Sur les frais non compris dans les dépens
En application de l’article 700 du code de procédure civile, le juge condamne la partie tenue aux dépens ou la partie perdante à payer à l’autre partie la somme qu’il détermine au titre des frais exposés et non compris dans les dépens. Le juge tient compte de l’équité ou de la situation économique de la partie condamnée. Il peut, même d’office, pour des raisons tirées des mêmes considérations, dire qu’il n’y a lieu à condamnation.
L’irrégularité dans les comptes n’est pas contestée par le syndicat des copropriétaires et le syndic. Le syndic a toutefois attendu les mois d’avril et mai 2021, soit postérieurement à la délivrance de l’assignation, pour régulariser la situation.
Il n’apparaît dans ces circonstances pas équitable de laisser à la SCI Lyar la charge des frais de procédure qu’elle a exposés à l’occasion du présent litige.
Le syndic, la société Sacogi, sera par conséquent condamné à verser à la SCI Lyar la somme de 1 500 euros sur le fondement de l’article 700 du code de procédure civile.
Le syndicat des copropriétaires du [Adresse 13] et la société Sacogi seront déboutés de leurs demandes à ce titre.
Sur les frais communs de procédure
L’article 10-1 de la loi n°65-557 du 10 juillet 1965 fixant le statut de la copropriété des immeubles bâtis dispose notamment que « le copropriétaire qui, à l’issue d’une instance judiciaire l’opposant au syndicat, voit sa prétention déclarée fondée par le juge, est dispensé, même en l’absence de demande de sa part, de toute participation à la dépense commune des frais de procédure, dont la charge est répartie entre les autres copropriétaires. Le juge peut toutefois en décider autrement en considération de l’équité ou de la situation économique des parties au litige ».

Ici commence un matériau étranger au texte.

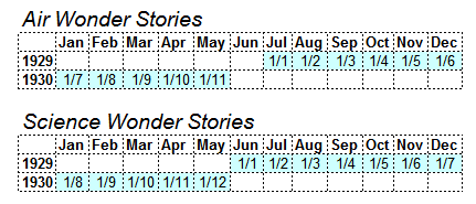 Grid showing volume number/issue number of Air Wonder Stories and Science Wonder Stories. The color coding indicates the editor; there was only one editor, David Lasser, for these magazines, so only one color is shown.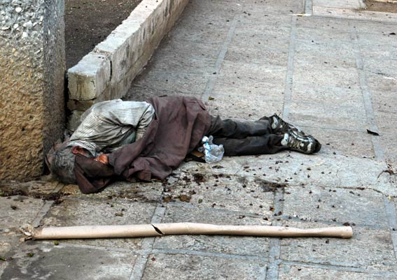 Drunks are everywhere in the world, on Cuba too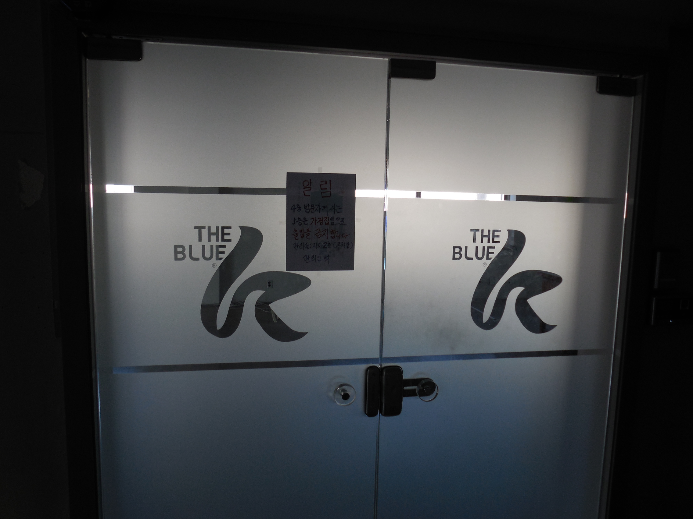 Entrance of Office of THEBLUE K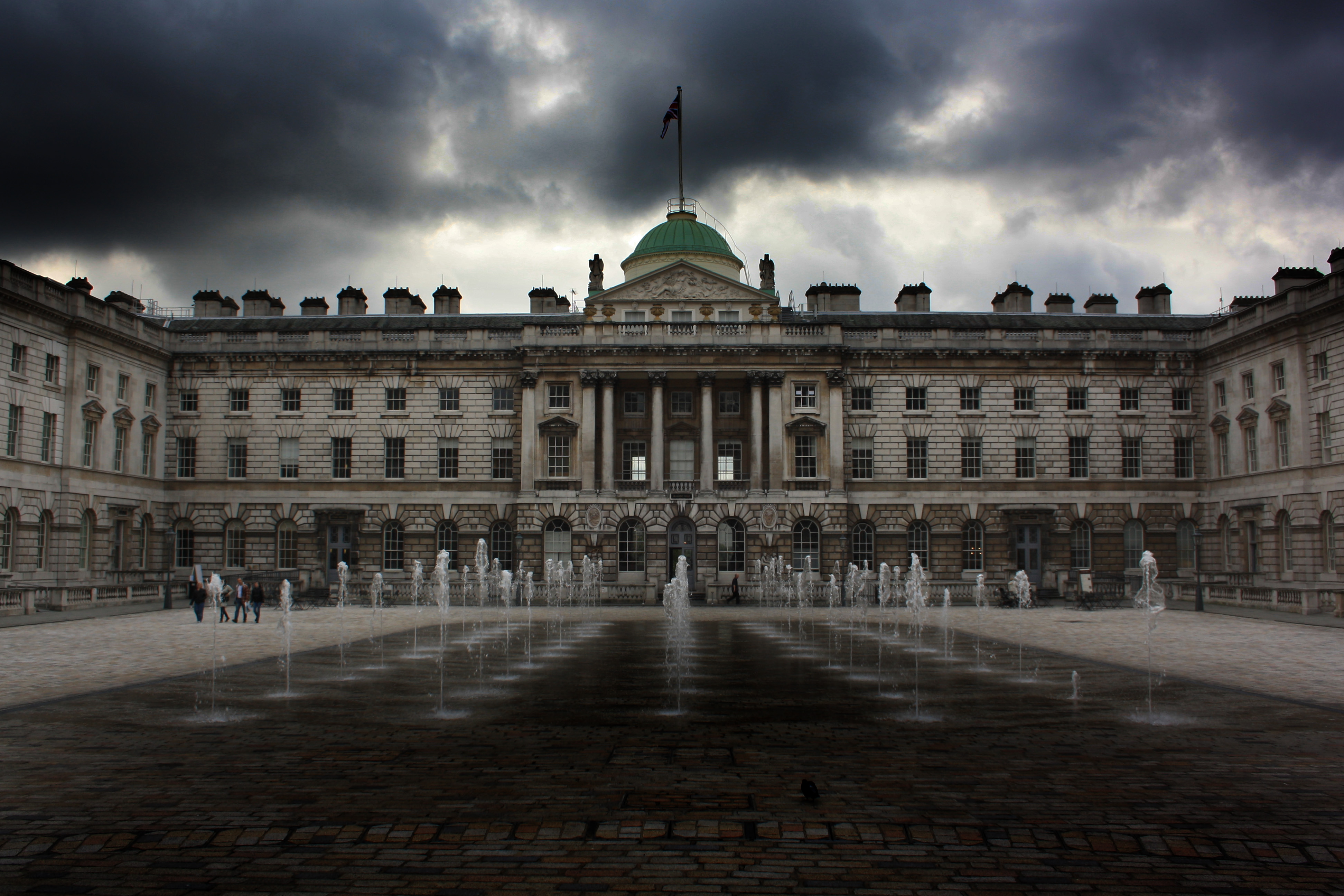 Somerset House courtyard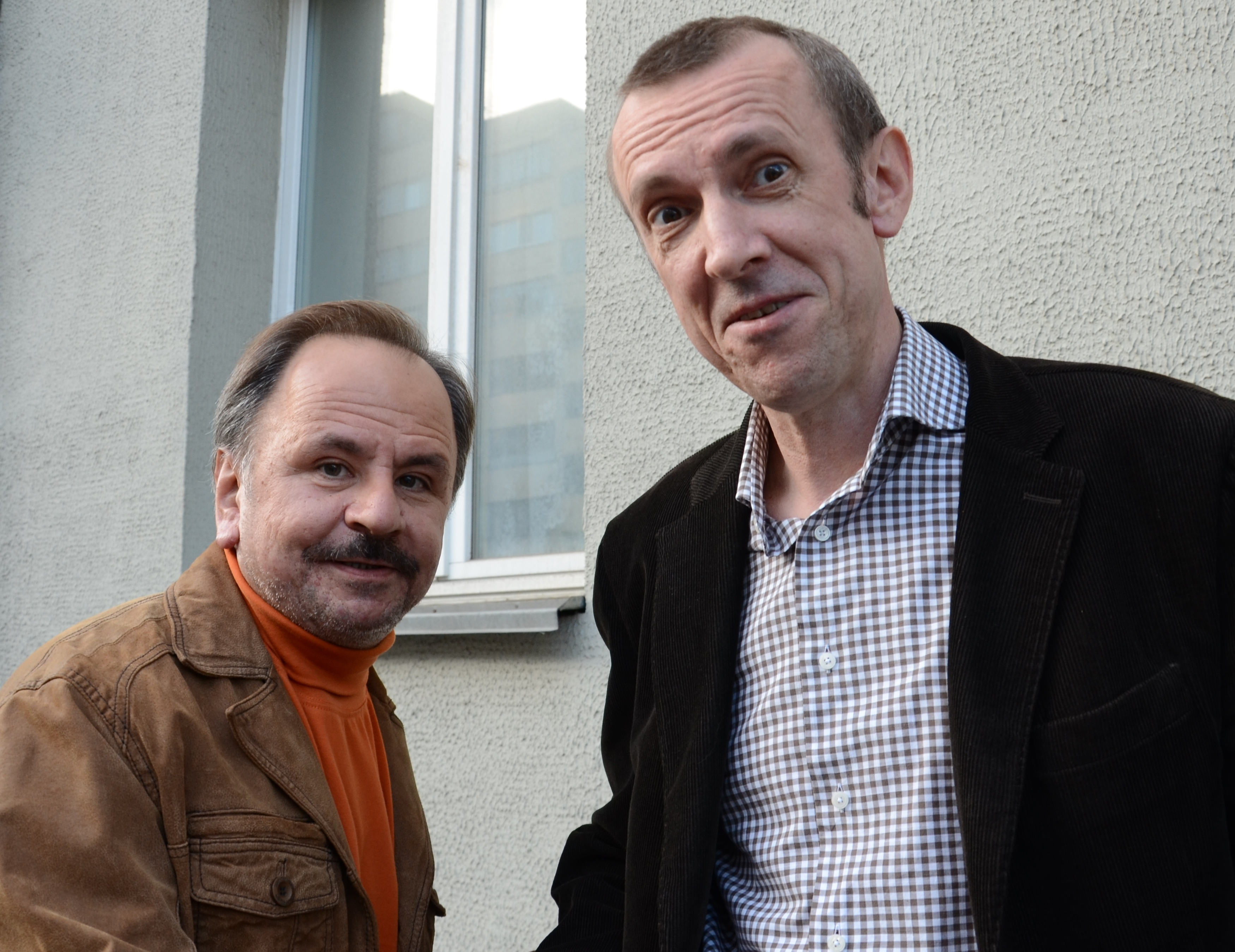 Belarusian journalist and art-critic Siarhej Chareūski at the opening of the exhibition of Valery Pesin in the gallery LaSandr Art in Minsk on 19 September 2014.

Au regard de l’issue du litige, la SCI Lyar sera dispensée de toute participation à la dépense commune des frais de procédure.
Sur l’exécution provisoire
Aux termes des articles 514 et suivants du code de procédure civile, dans leur rédaction issue du décret n°2019-1333 du 11 décembre 2019 et applicable aux instances introduites à compter du 1er janvier 2020, les décisions de première instance sont de droit exécutoires à titre provisoire à moins que la loi ou la décision rendue n’en dispose autrement.
Le juge peut écarter l’exécution provisoire de droit, en tout ou partie, s’il estime qu’elle est incompatible avec la nature de l’affaire. Il statue, d’office ou à la demande d’une partie, par décision spécialement motivée.
En l’espèce, au regard de la nature des condamnations prononcées et de la particulière ancienneté du litige, il n’y a pas lieu d’écarter l’exécution provisoire de droit.
PAR CES MOTIFS
Le tribunal, statuant par jugement contradictoire, mis à disposition au greffe et en premier ressort,
ANNULE la résolution n°5 de l’assemblée générale du 19 janvier 2021 du syndicat des copropriétaires de l’immeuble [Adresse 8] et [Adresse 5] [Localité 15] ;
RAPPELLE que la SCI Lyar sera dispensée de toute participation à la dépense commune des frais de procédure ;
CONDAMNE la société Sacogi à payer à la SCI Lyar une somme de 1 500 euros au titre de l’article 700 du code de procédure civile ;
CONDAMNE le syndicat des copropriétaires du [Adresse 12] [Localité 15] et le syndic la société Sacogi aux dépens, dont distraction au profit de Me Manciet, pour ceux des dépens qu’il aurait exposé sans avoir reçu préalablement provision ;
RAPPELLE que l’exécution provisoire de la présente décision est de droit ;
DEBOUTE les parties du surplus de leurs demandes formées au titre des dépens et des frais irrépétibles ainsi que de leurs autres demandes;
Fait et jugé à [Localité 14] le 7 novembre 2025.